Machine Learning on OCI for League of Legends- Data Extraction

Machine Learning on OCI for League of Legends- Data Extraction

Introduction

The speaker introduces the workshop and provides information on how to access the lab guide.

Workshop Introduction

  • Tara Vancleave introduces the workshop on machine learning on OCI for League of Legends data extraction.
  • She mentions that there is a special promotion with extra credits for those who do not have an Oracle Cloud account.
  • The session will be recorded and sent via email after the workshop concludes.
  • Questions can be asked in the Slack channel, and there is a dedicated space for Q&A using hashtag #labLeagueofLegends.
  • Ignacio Martinez and Victor Martin will present the workshop, with Wojak Pluta helping with Q&A.
  • The lab guide can be accessed through a link provided by Tara.

Setting up an Oracle Cloud Free Tier Account

Victor Martin walks through the steps to sign up for an Oracle Cloud free tier account.

Signing Up for an Oracle Cloud Free Tier Account

  • Victor Martin explains that signing up for an Oracle Cloud free tier account gives you access to always-free cloud services such as autonomous databases, virtual machines, load balancers, block object and archive storage monitoring, etc.
  • He mentions that you also get a 30-day trial with three credits to use in other services from analytics to Kubernetes.
  • If you are signing up for an upcoming workshop, make sure to use the same email used during registration as they have activated a special offer.
  • You need to add your country then your first and last name.
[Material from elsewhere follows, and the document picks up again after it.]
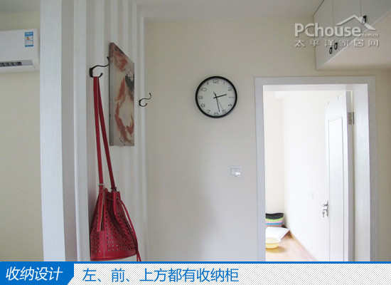 收纳设计:从玄关另一个方向看,会发现玄关顶部也是三联排柜子,收纳一些不常用的物品。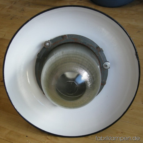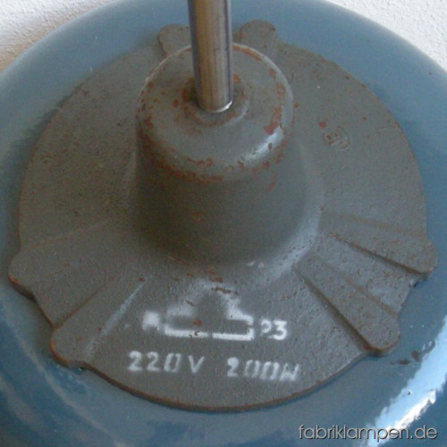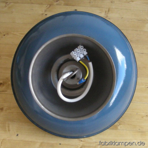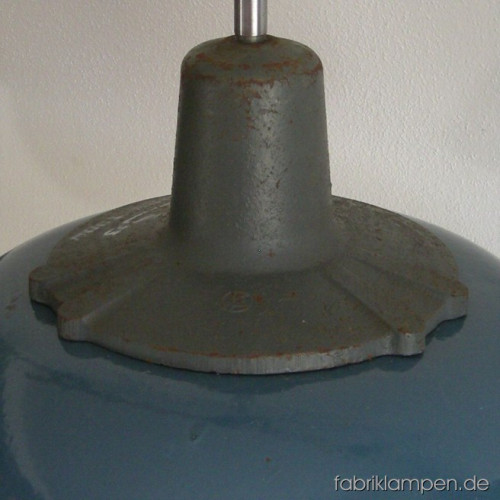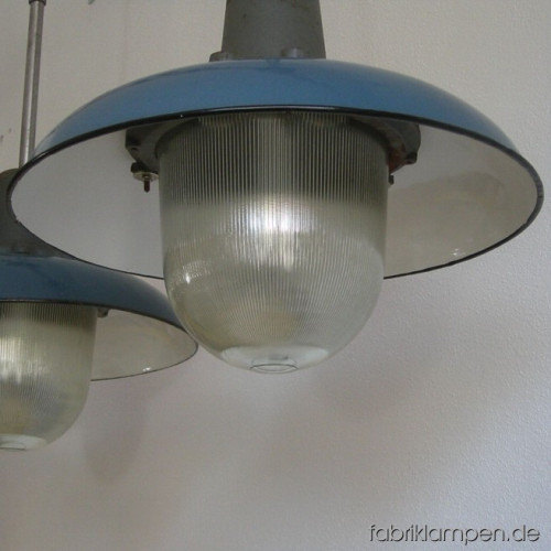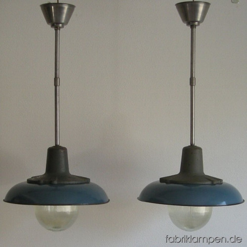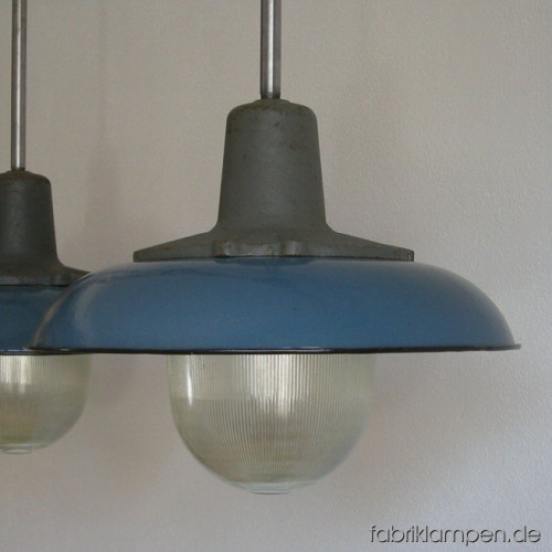 Industrial lamps with blue enamel shades and safety glasses. Material: casted iron, steel, glass and blue enameled sheet. Newly electrified, with steel suspension. Height of the lamps ca. 34 cm (13,4 inches), diameter of the shades ca. 42 cm (16,5 inches), total height with suspension 65 or 86 cm (33,9 – 25,6 inches).

You also have to provide your email. Oracle Cloud has to check if you are a human by asking you to resolve an easy challenge. Finally, click verify my email to move to the next step.
  • Confirm the password by typing it again and fill in the company name if applicable. The cloud account name is essential as it is a unique identifier for your account. Select a name that is not taken.
  • The home region is the region where you are more likely to deploy resources. You can deploy to other regions by subscribing to them; however, your free trial only supports one region. Select a region geographically close to you if you are not sure.
  • Fill in the address information with City postcode County and your phone number then accept the agreement and click Start my free trial.
  • Oracle Cloud starts provisioning your account which takes an average of one or two minutes. When fully provisioned, you will receive an email.

Conclusion

The workshop provides insights on how to leverage AI on OCI for League of Legends data extraction, while Victor Martin walks through signing up for an Oracle Cloud free tier account.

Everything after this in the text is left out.